▶ _TO DO_
Among the lines below, a stretch begins at the one with "Слайд 11Моцарт поселяется" and ends at the one with "隐藏移门后面,是防弹金库门,除了日常的珍". Repeat that stretch exactly, ends included.

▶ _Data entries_
▼

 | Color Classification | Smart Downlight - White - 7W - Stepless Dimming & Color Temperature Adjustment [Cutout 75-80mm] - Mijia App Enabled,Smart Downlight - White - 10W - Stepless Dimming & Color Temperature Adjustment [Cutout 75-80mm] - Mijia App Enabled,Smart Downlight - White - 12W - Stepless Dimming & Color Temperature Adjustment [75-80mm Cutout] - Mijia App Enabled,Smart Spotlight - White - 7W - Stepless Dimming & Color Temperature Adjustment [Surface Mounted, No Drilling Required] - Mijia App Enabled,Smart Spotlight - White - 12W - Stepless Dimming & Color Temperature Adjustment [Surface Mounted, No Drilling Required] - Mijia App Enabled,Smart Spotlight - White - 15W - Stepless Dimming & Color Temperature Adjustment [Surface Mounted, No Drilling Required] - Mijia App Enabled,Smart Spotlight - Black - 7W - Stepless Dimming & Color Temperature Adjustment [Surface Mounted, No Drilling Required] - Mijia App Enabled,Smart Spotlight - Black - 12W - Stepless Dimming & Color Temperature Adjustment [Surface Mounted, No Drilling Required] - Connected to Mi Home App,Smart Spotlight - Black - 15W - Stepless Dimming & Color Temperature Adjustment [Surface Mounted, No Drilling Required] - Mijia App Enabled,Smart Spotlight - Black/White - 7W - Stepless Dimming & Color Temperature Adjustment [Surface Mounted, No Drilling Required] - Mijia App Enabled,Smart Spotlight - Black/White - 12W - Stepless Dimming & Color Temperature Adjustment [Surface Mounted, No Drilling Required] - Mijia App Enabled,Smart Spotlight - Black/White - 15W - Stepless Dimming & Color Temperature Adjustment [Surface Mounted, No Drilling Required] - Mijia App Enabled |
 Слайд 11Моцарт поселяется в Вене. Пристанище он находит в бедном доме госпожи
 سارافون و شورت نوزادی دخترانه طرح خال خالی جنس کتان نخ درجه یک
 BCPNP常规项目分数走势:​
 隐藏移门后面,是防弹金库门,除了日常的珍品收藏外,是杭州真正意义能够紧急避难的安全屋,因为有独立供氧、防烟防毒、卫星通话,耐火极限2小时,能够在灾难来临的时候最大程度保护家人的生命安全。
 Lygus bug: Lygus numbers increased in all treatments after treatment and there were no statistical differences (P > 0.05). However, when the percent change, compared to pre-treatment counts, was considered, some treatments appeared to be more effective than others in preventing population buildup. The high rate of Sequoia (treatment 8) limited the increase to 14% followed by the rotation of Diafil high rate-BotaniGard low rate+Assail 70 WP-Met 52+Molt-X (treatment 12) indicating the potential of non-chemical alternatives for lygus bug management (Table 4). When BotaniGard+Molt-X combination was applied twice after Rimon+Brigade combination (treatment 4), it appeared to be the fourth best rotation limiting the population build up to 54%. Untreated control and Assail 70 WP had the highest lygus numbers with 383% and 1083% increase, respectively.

▲
▼

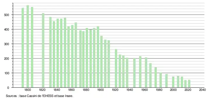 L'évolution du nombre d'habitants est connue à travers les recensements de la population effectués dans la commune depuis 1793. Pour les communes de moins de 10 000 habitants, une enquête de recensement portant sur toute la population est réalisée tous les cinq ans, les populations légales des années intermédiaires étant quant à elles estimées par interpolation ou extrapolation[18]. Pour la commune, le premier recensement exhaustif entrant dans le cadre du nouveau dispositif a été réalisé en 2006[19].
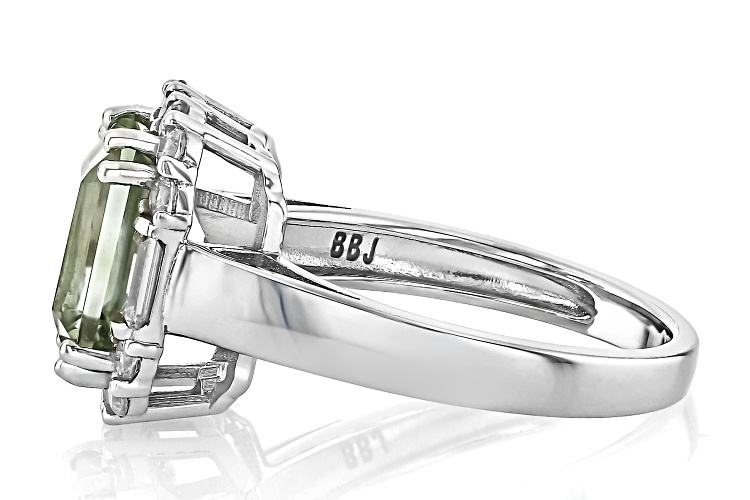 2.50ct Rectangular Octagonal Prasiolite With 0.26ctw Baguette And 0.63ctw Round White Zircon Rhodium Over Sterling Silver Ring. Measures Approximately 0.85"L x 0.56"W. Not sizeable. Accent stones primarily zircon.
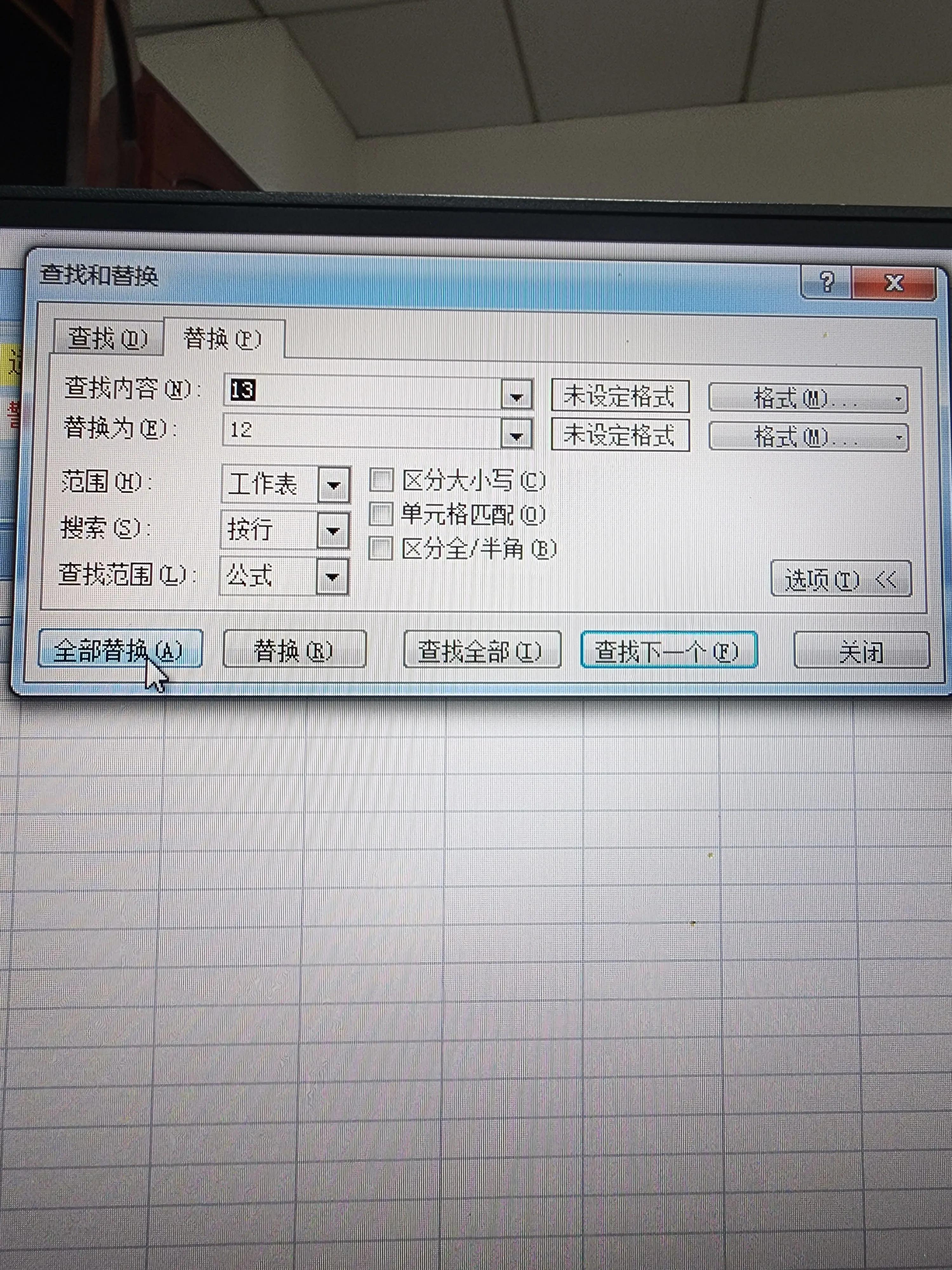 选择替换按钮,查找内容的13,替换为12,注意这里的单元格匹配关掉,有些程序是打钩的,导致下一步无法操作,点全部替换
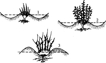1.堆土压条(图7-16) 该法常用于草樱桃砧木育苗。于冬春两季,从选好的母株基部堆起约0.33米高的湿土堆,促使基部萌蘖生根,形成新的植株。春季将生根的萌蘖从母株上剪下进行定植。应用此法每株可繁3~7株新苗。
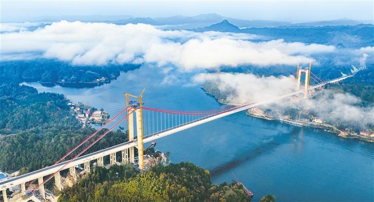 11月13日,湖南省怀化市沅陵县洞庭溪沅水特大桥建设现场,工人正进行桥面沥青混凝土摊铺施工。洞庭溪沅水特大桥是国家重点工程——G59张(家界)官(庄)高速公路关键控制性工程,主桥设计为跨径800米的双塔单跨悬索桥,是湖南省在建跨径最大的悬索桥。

▲

▶ _WRITTEN RESPONSE_
 Слайд 11Моцарт поселяется в Вене. Пристанище он находит в бедном доме госпожи
 سارافون و شورت نوزادی دخترانه طرح خال خالی جنس کتان نخ درجه یک
 BCPNP常规项目分数走势:​
 隐藏移门后面,是防弹金库门,除了日常的珍品收藏外,是杭州真正意义能够紧急避难的安全屋,因为有独立供氧、防烟防毒、卫星通话,耐火极限2小时,能够在灾难来临的时候最大程度保护家人的生命安全。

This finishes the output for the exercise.